The FCPA, enacted by Congress in 1977, makes it a crime to bribe foreign government officials, either directly or indirectly, in order to obtain or retain business. Thus, pursuant to the FCPA, it is unlawful to make a payment to a third party, i.e., an intermediary, if a company knows or should know that all or a portion of the payment will go directly or indirectly to a foreign official in order to obtain or retain business. For many companies, especially those with operations abroad, intermediaries are a critical part of their business operations. It is through them that they are able to carry out their day-today operations.

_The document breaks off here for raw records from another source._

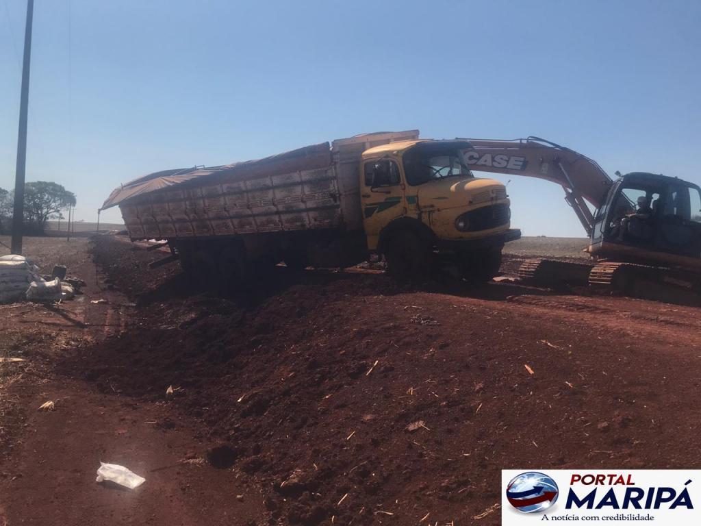 Segundo informações, o caminhão carregado de adubos e sementes para o plantio da safra verão, transitava pela estrada rural quando em dado momento tombou devido ao solo ainda não compactado e úmido, há pouco tempo a estrada passou por uma readequação.
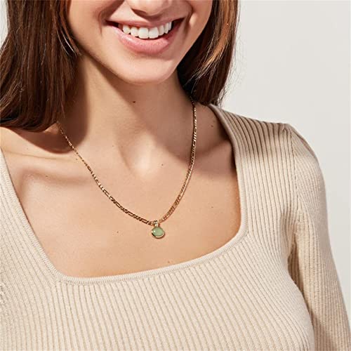 Moonffay Women's Green Created Opal Necklace, Charm 18k Gold Plated Stainless Steel Snake Chain Jewelry Bling Drop Pendant Choker Necklaces for Girls,18 Inch, Aventurine-Green
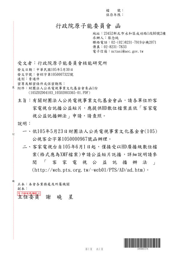 轉知財團法人公共電視事業文化基金會函,請各單位於客家電視台託播公益短片,應提供HD數位檔案並依「客家電視公益託播辦法」申請。
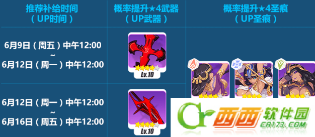此外,★4武器「能量跃迁者」「虚无之刃」「牛鬼切·长光」等、★4圣痕「浓姬」「塞西莉亚·沙尼亚特」等也可以通过本期补给获得。其中武器「仿犹大·血之拥抱」、「鲜血之舞」与圣痕「克列欧博克拉」均有获取概率相对更高的推荐补给时间。
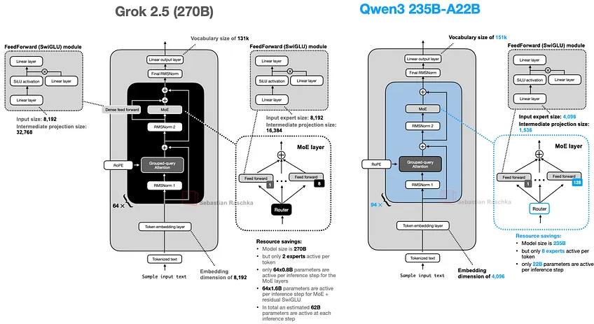예를 들어, Grok 2.5는 소수의 대형 전문가(8개)를 사용하는데, 이는 과거의 경향을 반영한다. 앞서 논의했듯이, DeepSeekMoE 논문이나 Qwen3와 같은 최신 설계는 다수의 소형 전문가를 선호한다.
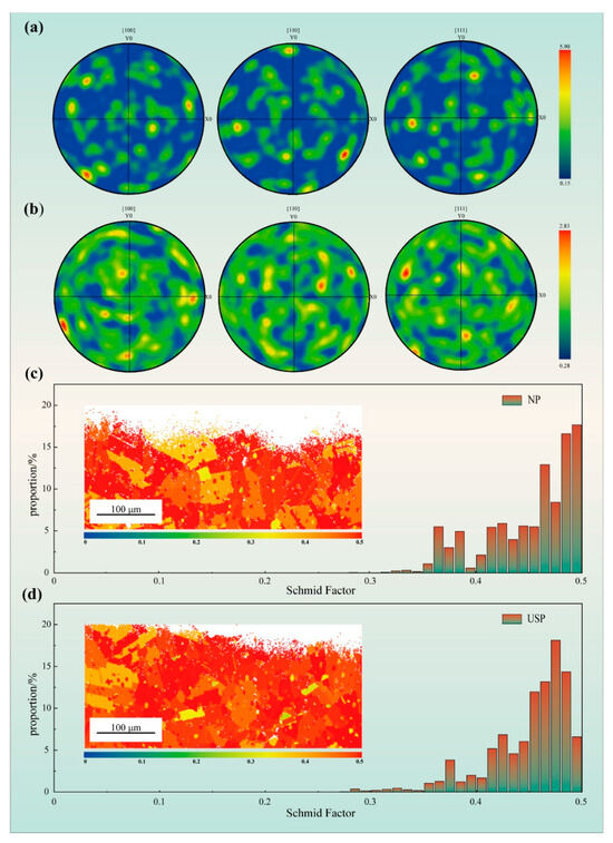 The material texture indicates the presence of the preferred orientations of grains along certain crystallographic directions, reflecting the material’s anisotropy, which significantly influences its mechanical properties and plastic deformation [21,22]. Figure 3a,b depict the pole figures obtained through EBSD for GH4151 alloy with different treatments. Under the conditions of USP, the material exhibits a reduced texture strength, with the maximum texture strength decreasing from 5.72 mud to 2.83 mud compared to the NP state. The texture becomes more randomly oriented, indicating that USP promotes the randomness of crystal orientations in GH4151 alloy [23]. The spheres, driven by the vibrating head, impart random impacts on the surface of the specimen, causing the rotation of surface grains and changes in their orientations. Figure 3c,d show the distribution of Schmid factors and the statistical relationship of Schmid factor quantities for the different specimens. The distribution of Schmid factors reflects the plastic deformation induced by USP, with a negative correlation between plastic strain and Schmid factors. The NP specimen exhibits the highest proportion of Schmid factors, close to 0.5, accounting for approximately 17.7%, indicating the characteristic of a soft orientation distribution. After USP, the proportion of Schmid factors close to 0.5 significantly decreases, indicating an increased proportion of γ-phase crystal {111} planes and <1–10> directions inclined at approximately 45° to the X-axis direction. This facilitates the easier glide of the γ-phase crystal {111}<1–10> slip systems and results in the formation of a large number of dislocations, thereby improving the fracture toughness, fatigue, and other mechanical properties of the surface layer [24,25].
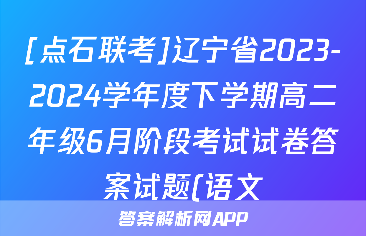 [点石联考]辽宁省2023-2024学年度下学期高二年级6月阶段考试试卷答案试题(语文)正在持续更新,目前2026天舟高考答案网为大家整理了相关试题及答案,供大家查缺补漏,高效提升成绩。
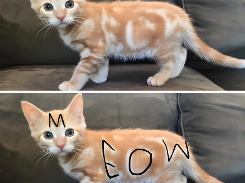 Cat with "Meow" PatternOverview This cat’s fascinating fur pattern sparked the imagination of its owner, leading to a delightful and playful discovery. Key Features
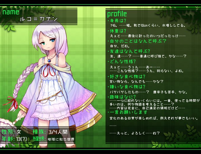 全身絵ができたのでキャラシもお借りして…!

As the list of typical intermediaries below illustrates, the number of intermediaries most companies are likely to have can be vast and extensive:

  • Subsidiaries and Affiliates
  • Consultants 
  • Sales Representatives 
  • Distributers 
  • Subcontractors 
  • Franchises 
  • Joint Venture Partners 
  • Agents
  • Lawyers
  • Accountants

Nearly all of the alleged bribes in the FCPA enforcement actions commenced by the DOJ and SEC this year – totaling almost $600 million in corporate fines – plainly illustrate that a company’s failure to know, monitor and audit its intermediaries can have significant consequences for a company and its senior executives.